Он бешено заливался хохотом.
– Кого там убили недавно ночью, социалистов? Говорят, покушались на Бабыча?
– Когда-нибудь расскажу. Дай мне поглазеть на молодушек в «Чашке». Уж назвали бы «Рюмка», что ли. А то «Ча-ашка». Сколько у нас церемонности. А в Уманской грязь по колено... Женюсь!
Музыкой, белыми столиками, в самом деле предчувствием point des plaisances приветило их кафе. Был четвертый час дня, майское солнце только-только коснулось шелковых занавесок на широких окнах. В степи под Уманской, куда отвезут Толстопята завтра с казаками, не миновать жары, пыли, а здесь прохладно, чисто и тихо. На них, когда они вошли, взглянули две артисточки из малороссийской труппы, и Толстопят, выбрав столик поближе к ним, усаживаясь, сказал другу или кому-то вообще: «От юности моея мнози борят мя страсти». Бурсак понял его, тоже оглянулся на артисточек, и с той минуты те и другие, о чем бы ни говорили и как ни увлекались угощением, чувствовали чужое присутствие. Жаль было и уезжать!
Сестричка Манечка, с такими же темными, далеко расставленными, отцовскими, что и у Пьера и старших братьев, глазами, деликатно тихая, будто из кацапской семьи иногородних, обслуживала столики в глубине зала и стеснялась подойти к веселому братцу, не хотела даже, чтобы он наблюдал за ней и шевелил губами.

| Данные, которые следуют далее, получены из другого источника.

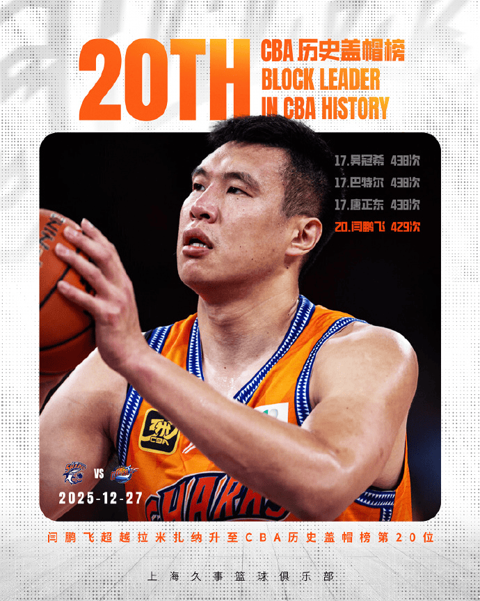 赛中,上海男篮发文:闫鹏飞盖帽数达429次,升至CBA盖帽榜第20位。
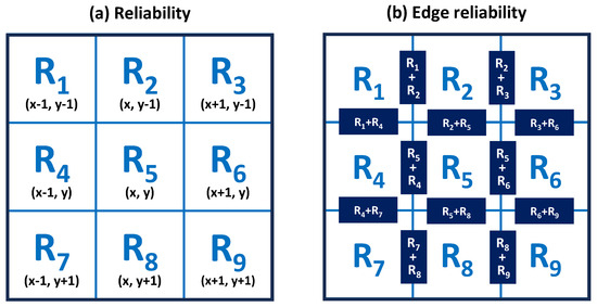 Overview of the calculation of QGPU. (a) shows the calculation of reliability and (b) shows the calculation of edge reliability.

– Вот как вырос наш цыпленок! – сказал Толстопят другу. – Ну давно ли она спрашивала: «Мама, почему все государи умирают в Бозе? И люди умирают в Бозе?» И на тебе: невеста. Мне жалко: кто-то когда-то затронет ее, разбудит ночью. Всех прочих – пожалуйста, но мою-то сестри-ичку?! Убил бы. Посмотри, у нее и ножки как золотые копытца, а глаза! Всю бы жизнь и оставалась такой. Что ее ждет? Ма-аня! – позвал он.

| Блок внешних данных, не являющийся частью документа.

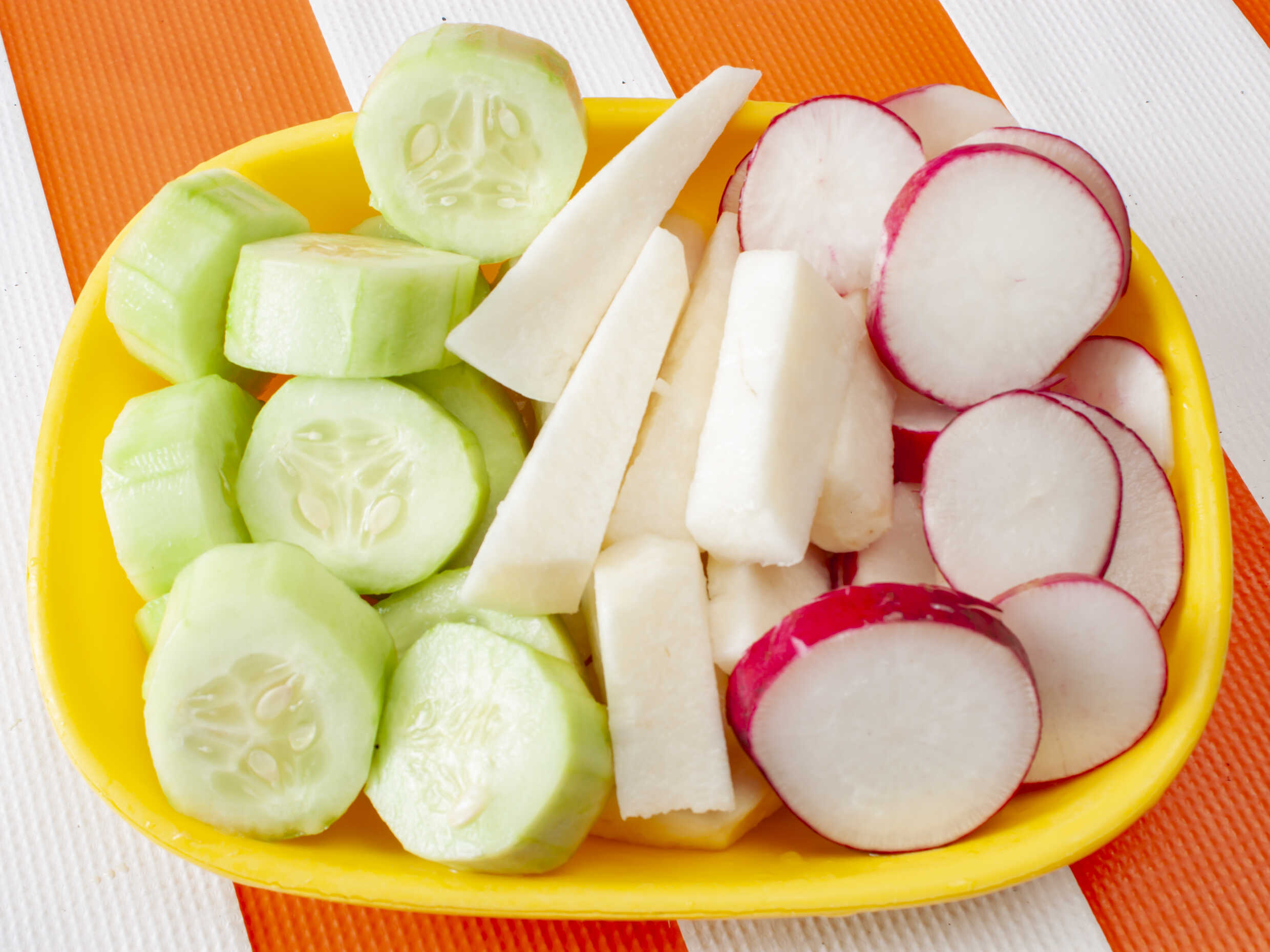 Fresca ensalada con jícamas, pepinos y rábanos con verduras seleccionadas muy frescas para acompañar tus carnitas.

Сестра услыхала и тут же капризно убежала за синюю ширму. Толстопят тряхнул маленький звоночек.
– Сон в лунную ночь... – сказал он. – Дема!
К ним шла Калерия.
– Кричи «караул!».
Но «караул!» был на лице Калерии. За шесть-семь шагов до столика щеки ее зарделись; в один миг будто вскрылись какие-то ее преступные чувства, и в улыбке Толстопята уловила она ехидный вопрос: «Это вы на меня гадали поутру?» Ее замешательство заметили две артисточки. Скрипочка затянула «И все осмеяно, оплакано, разбито...». Мимо окна по Красной проскочил извозчик.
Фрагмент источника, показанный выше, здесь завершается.